On 7/26/2010 7:05 PM, Fairlight wrote:
> The honourable and venerable John Esak spoke thus:
>> Just another stupid question. Has there been the equivalent of the little
>> robot dog?  Was it R5 or Astro or something like that? No, wait, that was
>> George Jetson's dog!, Ruh Roh...  :-)
>
> Astro was the Jetsons, yeah.
>
> K9 actually makes several appearances, notably in series 2 and 4.  And
> likely in the spinoff The Sarah Jane Adventures (which is more a kids'
> programme, although I'm tempted to get it anyway).
>
>> Dr Who was as good at character generation as Star Trek was. I still
>> think the Holographic doctor in Voyager is the best idea of that whole
>> series. except, of course, Data is an Asimov positronic robot from way
>
> I'd agree with the holographic doctor practically carrying Voyager, yeah.
> People really knock Voyager far more than is deserved.
>
>> back when and you can't do much better than that for 40 or 50 years
>> hanging around, until you get miraculously brought to life in an entirely
>> different medium. Asimov must be slowly spinning around in his grave with
>> a contented smile on his face.  He once wrote a story about a positronic
>> car named Sally that could drive you around and such.  Just recently I
>> sat in a Lexus that parallel parked itself.  Sally isn't far off. :-)
>
> I read about a car in the last few years that would essentially just roll
> sideways into a parking space, rather than conventional parallel parking.
>
> Supposedly Asimov was supposed to be spinning in his grave over the Will
> Smith movie of "I, Robot".  I can't really join in the bashing, as I've
> never read the original, and I liked the movie.

I read all the originals long ago and LOVED them. The movie takes a tiny 
window of time from the earliest instants of the book series and cherry 
picks some things from other books that take place thousands of years 
and lightyears apart, and invents some things which were barely hinted 
at in the books. There was no great robot uprising in the books, but for 
some reason Earth hates robots so possibly it is because there was such 
an almost-uprising in their past.

This all makes the movie pretty much a new thing that is not in any 
sense "I, Robot" since that particular book was a series of unconnected 
short stories that posed various interesting ideas, most of which don't 
even slightly appear in the movie. (Where is the solar power satellite 
populated by robots who do a spectacular job but punchline is it's for 
the unsuspected reason that they essentially worship the gauges and 
dials as a religion?)

But none of that is really reason to dislike the movie as far as I'm 
concerned. I liked the movie. I don't mind that the movie is titled "I, 
Robot" because in my opinion that is both a great great title and fits 
this movie just fine as well.

I think of it like the various incarnations of Hitchhikers Guide.
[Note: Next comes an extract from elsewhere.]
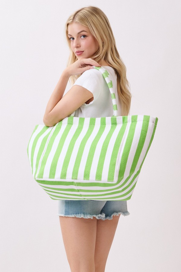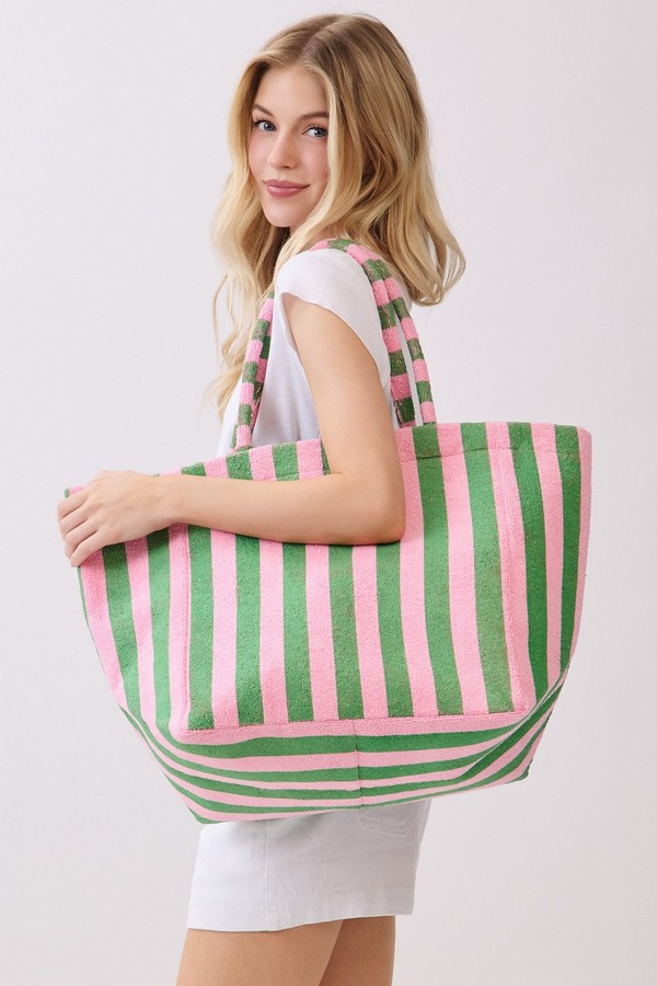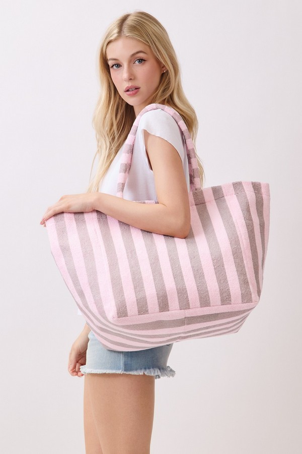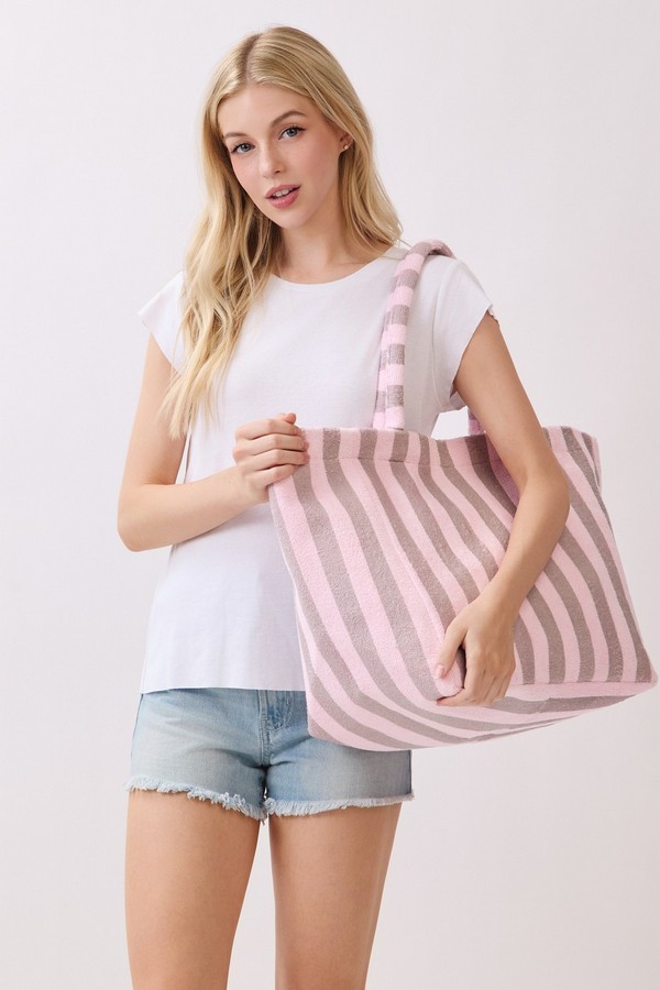 - * This is the Striped Terry Tote Bag from H&D Accessories, a textured carryall featuring a bold, vertical striped pattern that covers both the main body and the matching handle, creating a vibrant, eye-catching look. It’s perfect for a casual day out—you can pack a lightweight jacket, a notebook, and a water bottle when heading to a café or a weekend market, with the striped design adding a lively touch to your ensemble. It also works well as a daily tote for errands, merging its playful, patterned style with spacious, practical functionality to hold all your essentials.

The 
old radio shows do not exactly agree with the old tv shows do not agree 
exactly with the books. The latest movie agrees pretty well after 
allowing for unavoidable differences imposed by the medium (All movies 
are a fraction of their respective books). But all are good. Perhaps 
it's because they weren't corrupted and abused by other writers but were 
mostly done by Adams himself. But the point is I don't have a problem 
with variations on a theme just because they are variations, only if 
they actually suck.

I thought I Am Legend was pretty good too. Refreshingly un-ID4-like.